■ TASK ITEM:
Below is a listing with pictures in it. Copy it exactly without them.

■ DATA BELOW:
★ ★ ★
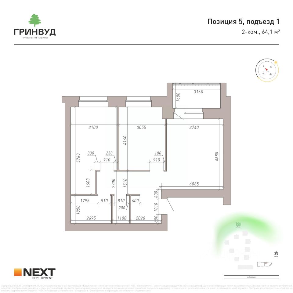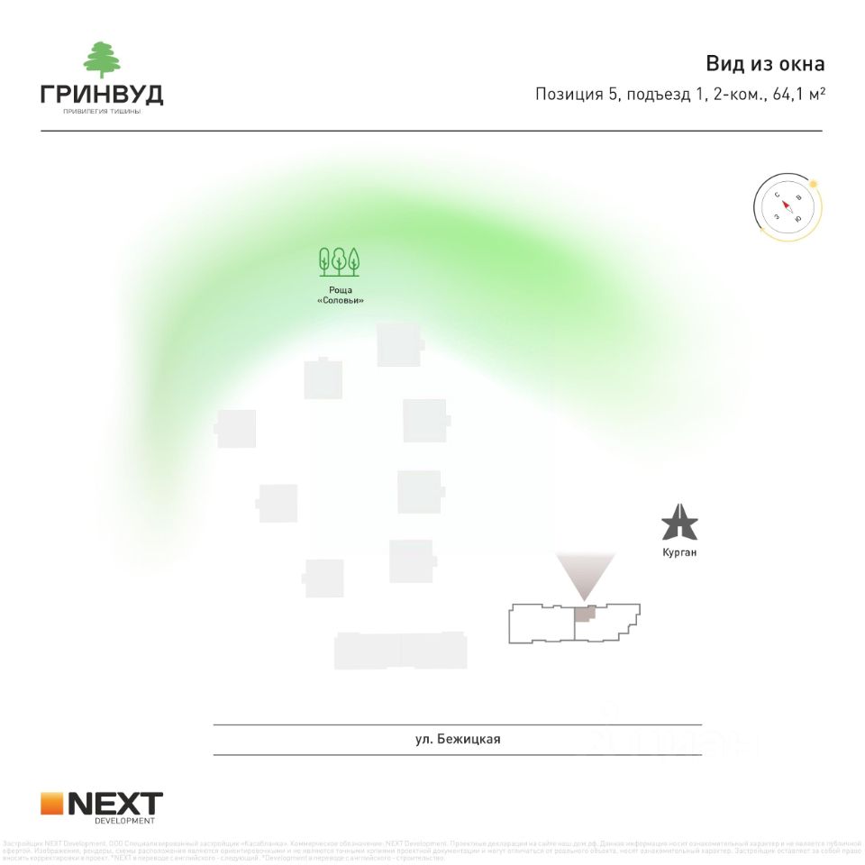 ''Гринвуд'' гордится своей локацией: удобный и быстрый выезд в соседние районы города, в пешей доступности Курган, Центральный парк культуры и отдыха, добраться на машине за 5 минут можно до ТРЦ ''Аэропарк'', ТЦ ''Европа'' и Дворца единоборств им. Артёма Осипенко.
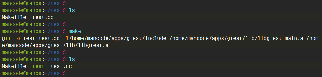 | mancode@manos:~/dev/gtest/googletest-1.14.0$
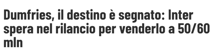 24直播网01月29日讯 据意大利媒体《米兰体育报》报道,国米目标5000-6000万欧出售邓弗里斯。
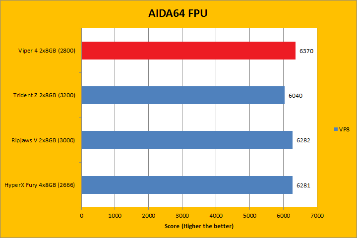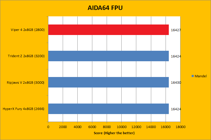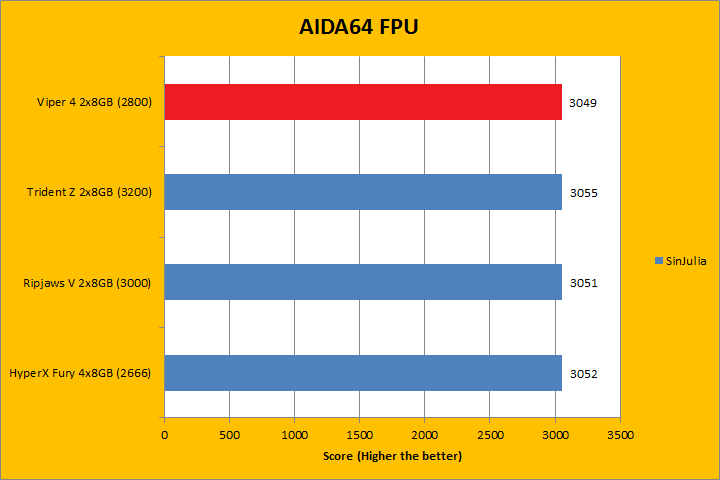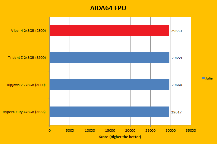 Usually, AIDA64's FPU benchmarks are the least exciting of all when writing a RAM review. This is because the way results are obtained is usually highly dependent on the tested processor; so much to an extent that the outcome is practically irrelevant to the speed or latencies of the installed memory modules. As you can see in our graphs above, all the results were within a fraction of a percent of each other. In the case of Patriot's Viper 4 PC4-22400 2x8GB dual channel kit, it was within a hair of the competition in practically every test. Generally speaking, we can call it all a statistical tie.
★ ★ ★
■ EXPECTED ANSWER:
 ''Гринвуд'' гордится своей локацией: удобный и быстрый выезд в соседние районы города, в пешей доступности Курган, Центральный парк культуры и отдыха, добраться на машине за 5 минут можно до ТРЦ ''Аэропарк'', ТЦ ''Европа'' и Дворца единоборств им. Артёма Осипенко.
 | mancode@manos:~/dev/gtest/googletest-1.14.0$
 24直播网01月29日讯 据意大利媒体《米兰体育报》报道,国米目标5000-6000万欧出售邓弗里斯。
 Usually, AIDA64's FPU benchmarks are the least exciting of all when writing a RAM review. This is because the way results are obtained is usually highly dependent on the tested processor; so much to an extent that the outcome is practically irrelevant to the speed or latencies of the installed memory modules. As you can see in our graphs above, all the results were within a fraction of a percent of each other. In the case of Patriot's Viper 4 PC4-22400 2x8GB dual channel kit, it was within a hair of the competition in practically every test. Generally speaking, we can call it all a statistical tie.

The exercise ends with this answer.